Примечание
(PWP, нецензурная лексика, полиция, неравные отношения, запретная любовь, соблазнения/ухаживания, повседневность)
Не успев войти в участок, Сокджин устремился к обогревателю и встал над ним, сжав ноги, чтобы поскорее согреться. Стоял мороз, щиплющий за нос, руки, и ноги через тонкие штанины форменных брюк, и если бы еще ему не пришлось так часто покидать машину!!!... Или хотя бы при этом довелось побегать!...
- Дубак там, да? - кутаясь в шерстяной шарф, кровожадно улыбнулся напарник Хосок.
- На хер пойди, - отстучал Сокджин зубами. - Вчера только был плюс на термометре!
- Ну, блин, чувак, осень движется к зиме, а не к лету, - изрек Хосок, поднявшись и щелкнув кнопку на чайнике. - Что, вместе дежурим?
- В участке - да, надеюсь, никому не понадобится наша помощь этой ночью, - проворчал Сокджин, скидывая форменную куртку на крючок и потирая руки. - А почему ты не вытащил из комнаты отдыха второй радиатор сюда?
- Он сломался.
- ОПЯТЬ?!
Хосок пожал плечами, показывая, что не все в этом мире подчинено полиции, например, радиаторы могут ломаться, и ничто им не помешает. Сокджин с этой несправедливостью мирился со скрипом, ворча и топая ногами.
Через часок костяк участка разъехался по домам, кто-то на ночной патруль по району, Хосок, Сокджин и их напарник Хичоль остались нести вахту. Заварив себе полную кружку кофе, Сокджин приговорил рамен и почувствовал себя значительно лучше. Конечно, после еды разморило, и под воркование коллег он задремал.
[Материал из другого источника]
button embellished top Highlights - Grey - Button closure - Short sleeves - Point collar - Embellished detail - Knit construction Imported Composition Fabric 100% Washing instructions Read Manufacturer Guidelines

Снилась какая-то маета: преследование на машине, затем плутание на строящемся объекте, эти бесполезные вытаскивания пистолета, потому что он так и не выстрелил, и Сокджину пришлось уворачиваться. Последняя такая динамика пришлась в жизни Сокджина где-то пару недель назад, а затем - тишь да гладь. Вот как в патруль на ночь поставят, так все, кранты!... Начальство на Сокджина ругалось, как будто это он был виноват, что бандитня только и ждет, что его на дороге!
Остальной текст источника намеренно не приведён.